Friday, October 3, 2008

My parents and Sidney leave for Florida tomorrow morning. They will be gone for at least six months, and frankly, I'm having a very tough time today. I've known this day was coming for a couple of months, and I've dreaded it every day. My parents have provided some structure in my life where there was little, and structure seems to be a valuable thing in my condition. They provided dinners and other meals, and they gave me a place to sleep away from the condo that has been causing me so much discomfort during the depression. And, of course, I've been able to spend time with Sidney. Even though it was necessary for him to go live with them, I still love him immensely. Being able to spend time with him, play with him, care for him, and share the guest bed with him have all been blessings.
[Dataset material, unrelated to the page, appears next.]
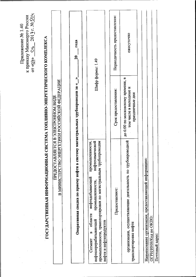 "ОБ УТВЕРЖДЕНИИ ФОРМ ПРЕДОСТАВЛЕНИЯ В ОБЯЗАТЕЛЬНОМ ПОРЯДКЕ ОРГАНАМИ ИСПОЛНИТЕЛЬНОЙ ВЛАСТИ СУБЪЕКТОВ РОССИЙСКОЙ ФЕДЕРАЦИИ И ЮРИДИЧЕСКИМИ ЛИЦАМИ ИНФОРМАЦИИ ДЛЯ ВКЛЮЧЕНИЯ В СЕГМЕНТ В ОБЛАСТИ НЕФТЕДОБЫВАЮЩЕЙ ПРОМЫШЛЕННОСТИ, НЕФТЕПЕРЕРАБАТЫВАЮЩЕЙ ПРОМЫШЛЕННОСТИ, НЕФТЕХИМИЧЕСКОЙ ПРОМЫШЛЕННОСТИ, ТРАНСПОРТИРОВКИ ПО МАГИСТРАЛЬНЫМ ТРУБОПРОВОДАМ НЕФТИ И НЕФТЕПРОДУКТОВ ГОСУДАРСТВЕННОЙ ИНФОРМАЦИОННОЙ СИСТЕМЫ ТОПЛИВНО - ЭНЕРГЕТИЧЕСКОГО КОМПЛЕКСА И ТРЕБОВАНИЙ К ЗАПОЛНЕНИЮ ЭТИХ ФОРМ"

But all of that is about to change, and sadly, I am not prepared for it. I tried to prepare for it, at least I told myself that I was, but the reality of the situation is causing me to get very emotional and sad. I honestly don't know what I'm going to do once they're gone. I truly don't.

2 comments:

Anonymous said...

I think that maybe if you take care of sydney it might be a good thing for you. I don't think he needs to be with your parets, he needs to be with you and you clearly need to be with him. Please reconsider.

Anonymous said...

Just remember that you do have friends that can help you...if you'll let them. But it is understandable that you are feeling unsettled about their departure.